High-Rise: La distopía como farsa estilizada

Miguel Durán

En los años sesenta John B. Calhoun, investigador del National Institute of Mental Health en Bethesda, Maryland, llevó a cabo un experimento en el cual una población de ratas era mantenida con todas sus necesidades satisfechas, exceptuando la de un mínimo espacio vital. Conforme los roedores se multiplicaban hasta llegar al hacinamiento, surgieron una serie de conductas aberrantes y destructivas que culminaron en la extinción de la comunidad.

Aunque el escritor británico J.G. Ballard (Shanghai, 1930 – Londres, 2009) no menciona este experimento como antecedente de su inquietante novela de 1975 High-Rise (Rascacielos), es muy probable que haya leído sobre el caso.
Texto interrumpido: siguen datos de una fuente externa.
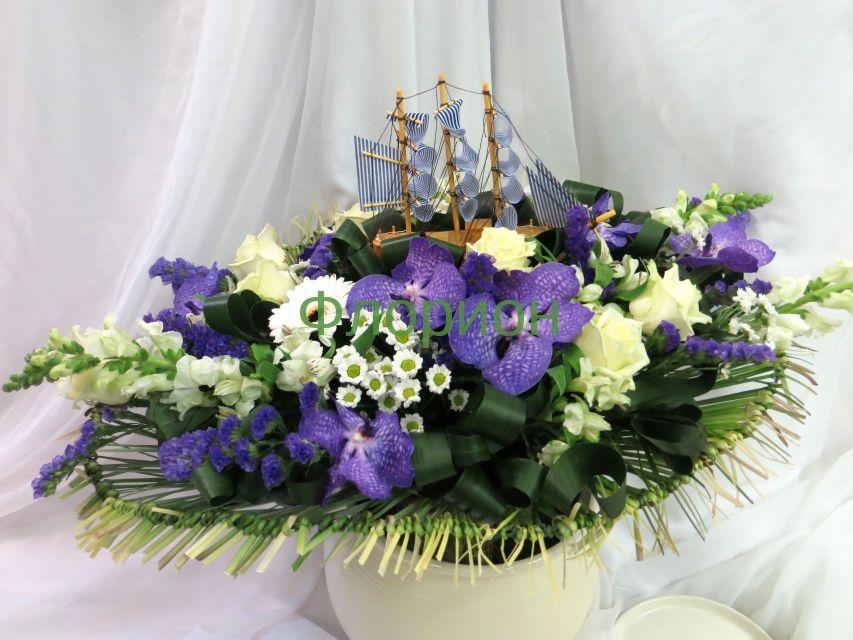 2015г. Композиция-букет на день рождения, юбилей. Форма корабль. Цвет: Сиренево-белый. Размер (60х35х35) нц 2022
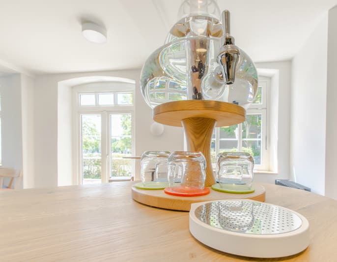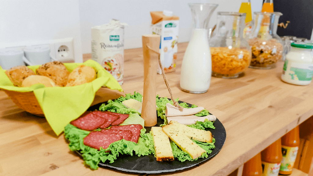 Aus Respekt vor dem Wert von Bio-Lebensmitteln wird auf das übliche „reichhaltige Frühstücksbuffet“ verzichtet. Stattdessen wird ein leckeres Frühstück, ausschließlich aus Bio-Zutaten freundlich am Platz serviert. Dieses garantiert einen guten Start in den Tag ohne Verschwendung von Nahrungsmitteln.
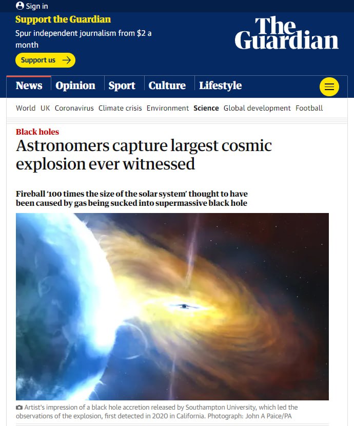 Астрономы из Великобритании зафиксировали самый крупный космический взрыв в истории. Он произошел из-за поглощения сверхмассивной черной дырой огромного облака газа.
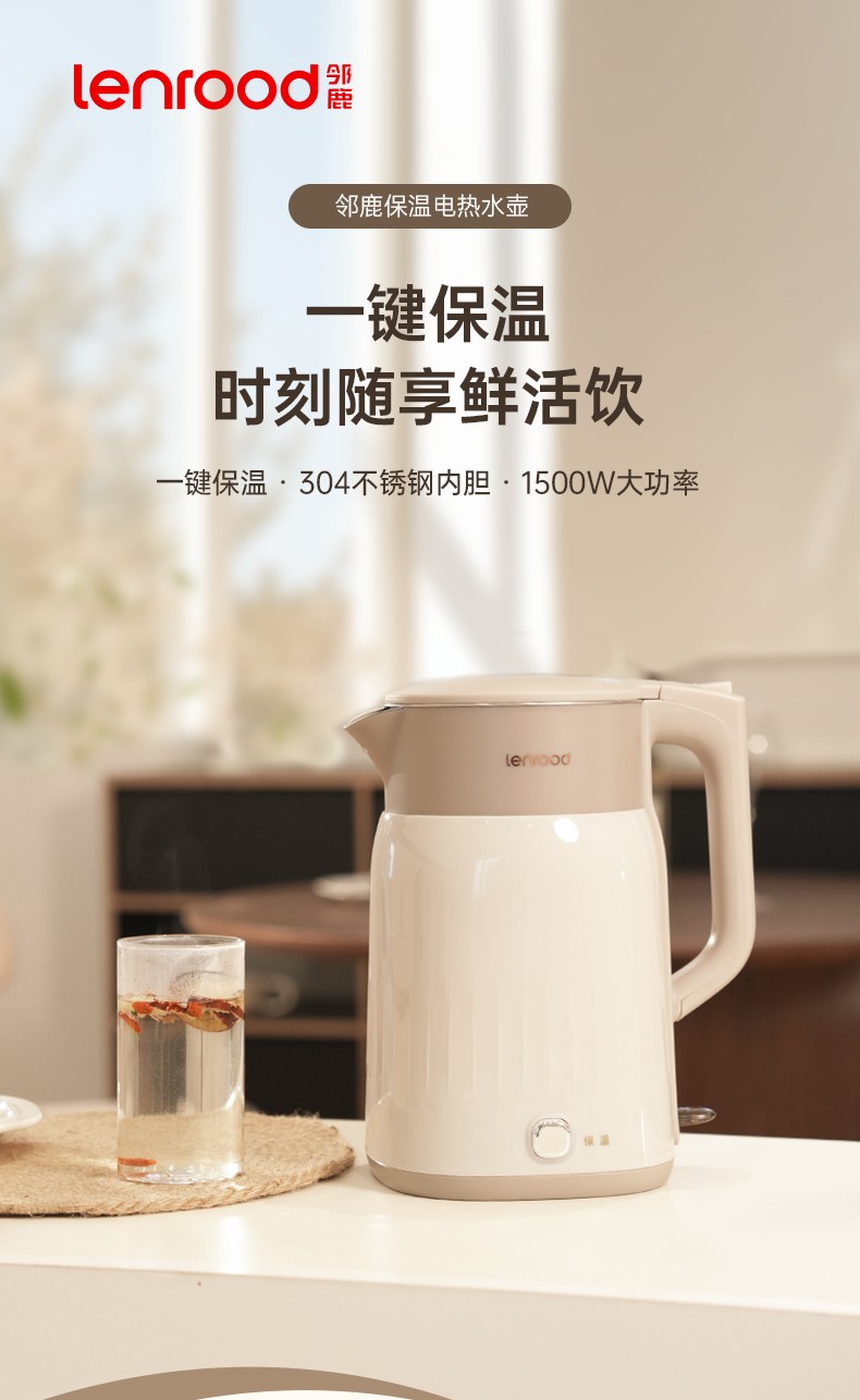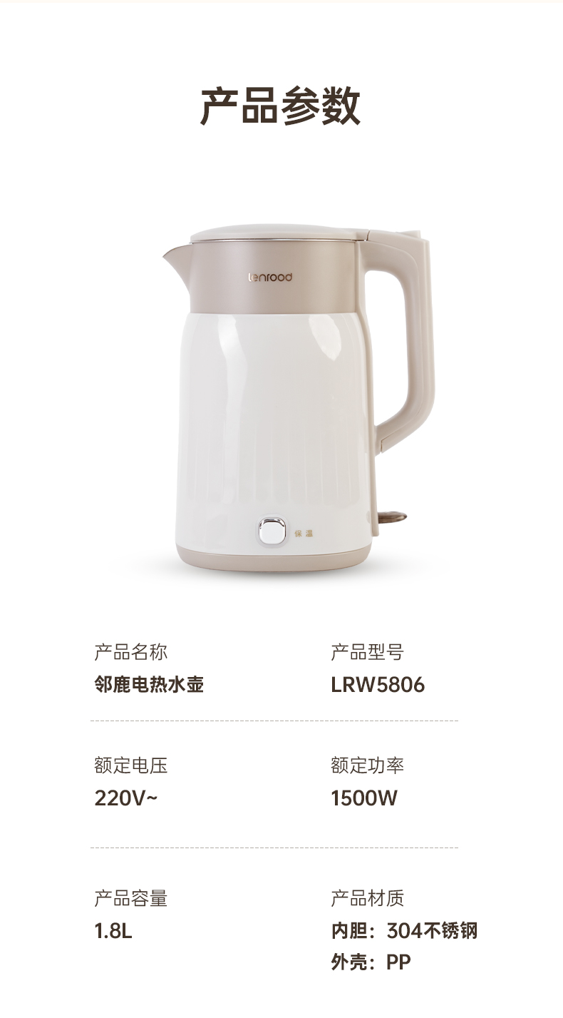 商品名称:(巨邦佑)BJ+邻鹿 电热水壶 1.8L LRW5806大容量 家用自动断电烧开水壶办公室智能
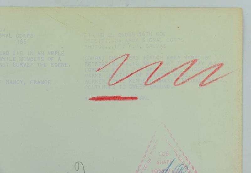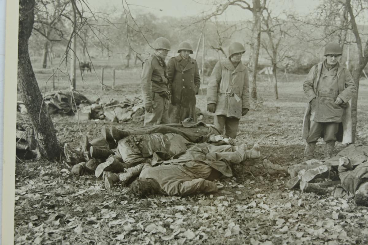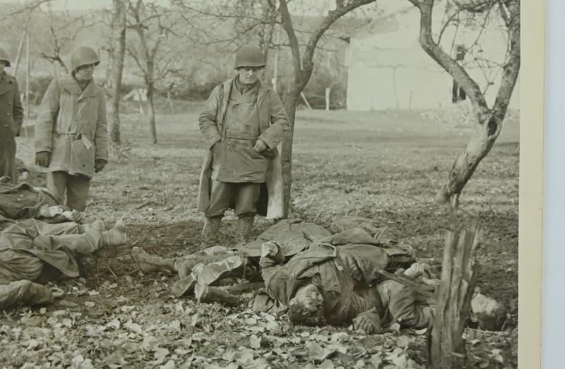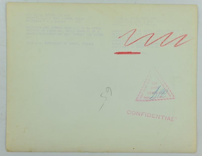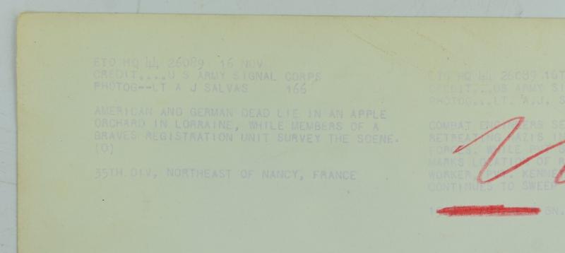 In a very nice condition a US WW2 Press Photo of dead german and american soldiers lined up in a Apple Orchard near Nancy France. The picture comes in a size of approx 20x25cm.
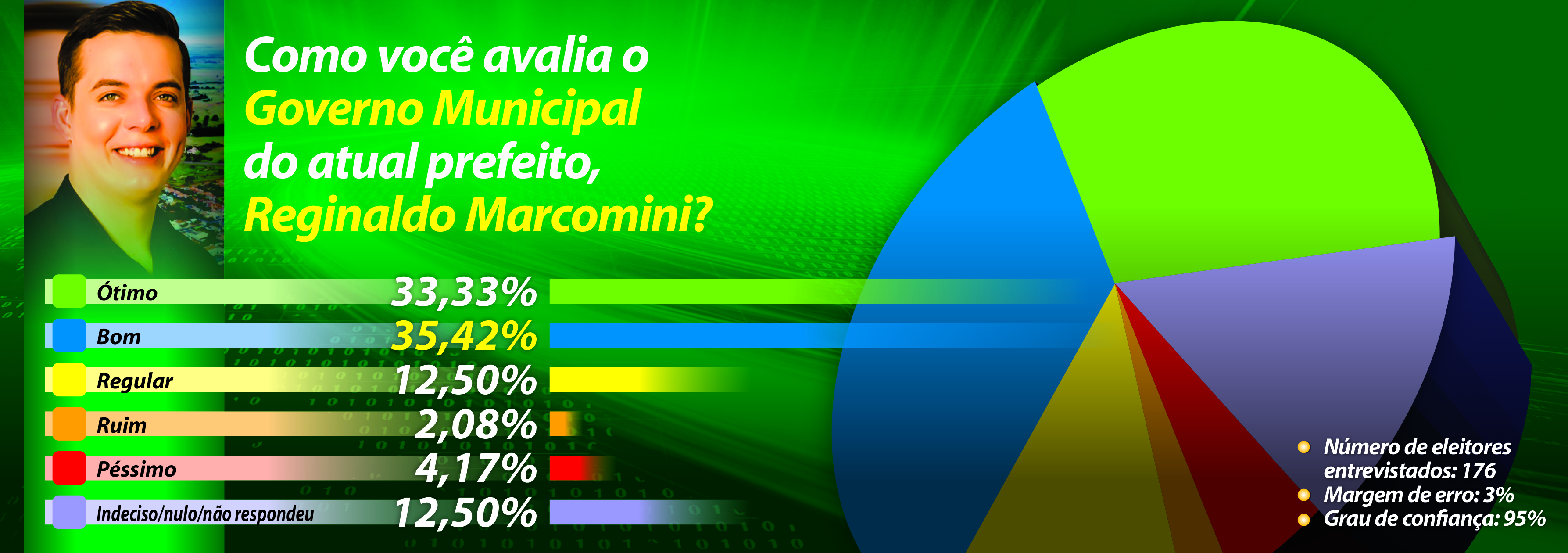 O s eleitores macedonienses, em sua maioria, aprovam este primeiro ano da atual gestão do prefeito Reginaldo Marcomini (PSDB) e da vice-prefeita Vanja Sabino (PL). Exatos 33,33% avaliam a gestão como ‘ótima’ e outros 35,42% como ‘boa’, perfazendo um índice de aprovação administrativa de 68,75%. O dado foi extraídos de pesquisa de opinião pública realizada em Macedônia no último dia 04, mediante a oitiva de 260 eleitores. Dela se aufere ainda que 12,50% classificaram a administração como ‘regular’ e outros 6,25% reprovaram-na, fruto de 2,08% de ‘ruim’ e de 4,17% de ‘péssimo’. Num comparativo com sondagem republicada em nosso site em setembro passado, a avaliação positiva de Marcomini passou de 64% para 68%, enquanto que a reprovação decaiu de 7,69% para 6,25%.
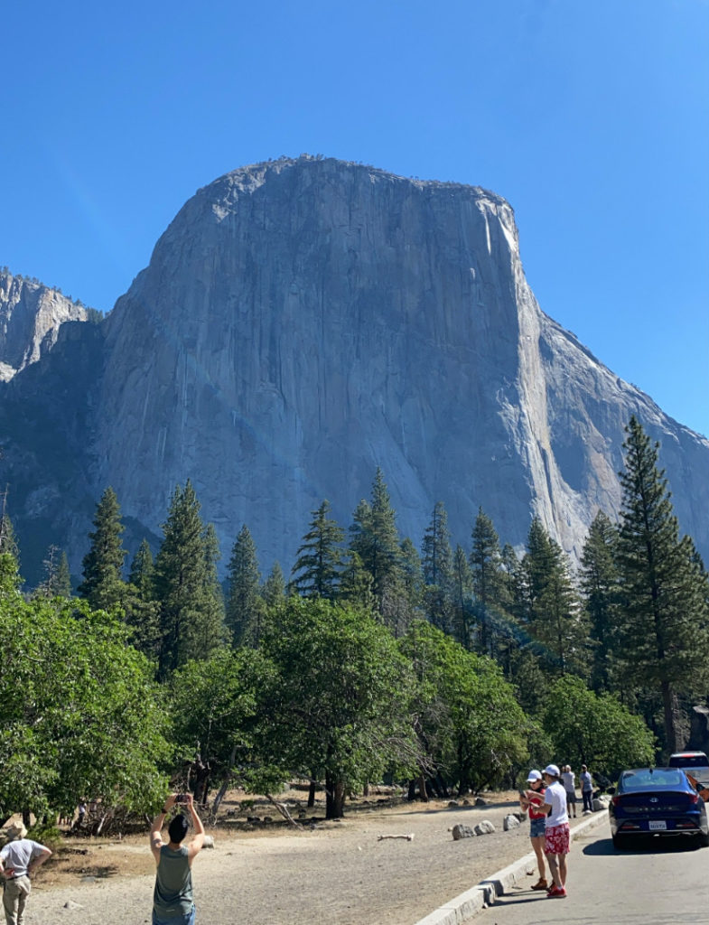 Just a stop along the main road, you’ll see El Capitan towering overhead. You’ll see cars parked alongside, plus some paved roads you can enjoy with your dog.

Como otros estudios de la época, el de Calhoun apunta a un futuro caótico y siniestro para la humanidad o, en otras palabras, el contexto ideal para alimentar la ficción especulativa y distópica de autores como Anthony Burgess, Philip K. Dick, William Gibson o el propio Ballard.

La Arquitectura brutalista es otro elemento de la época que sin duda influyó en la concepción de la novela de Ballard. No resulta difícil imaginar aquellos colosales edificios monolíticos de concreto como arquetipos de una metrópoli totalitaria y deshumanizada, recintos perfectamente conducentes a la alienación de sus moradores. En High-Rise, el “descenso hacia la locura” es gradual y casi imperceptible. Primero suceden algunos incidentes relativamente típicos de la vida urbana en una comunidad cerrada. Fallas ocasionales en el suministro eléctrico sirven de preludio al caos que vendrá: descomposturas cada vez más frecuentes de los ascensores, basura acumulándose en las escaleras y los pasillos del edificio, una alberca cada vez más inmunda en la que comienzan a generarse escaramuzas similares a las que tienen lugar entre los animales que buscan acercarse a un pozo de agua de la sabana africana. En unas cuantas páginas la anarquía y la violencia se adueñan del edificio; el rascacielos impone su lógica infernal a sus habitantes,* quienes cederán a sus instintos y necesidades, por torcidas o aberrantes que sean, hasta que la cordura y el orden queden relegados de manera total.

El director británico Ben Wheatley (Billericay, Essex, 1972), responsable de cintas como Kill List y A Field in England, aborda de manera relativamente fiel la novela de Ballard, respetando su trama, tan sencilla como infernal. No obstante, su película, de manera desafortunada, no está a la altura del libro. El problema no radica en la adaptación de la guionista Amy Jump (colaboradora habitual de Wheatley en sus cintas anteriores), sino en la pérdida insalvable de ideas, temas y perspectivas que tiene lugar en el tránsito de la página a la pantalla y que hizo que, por años, muchos consideraran esta obra como “infilmable”.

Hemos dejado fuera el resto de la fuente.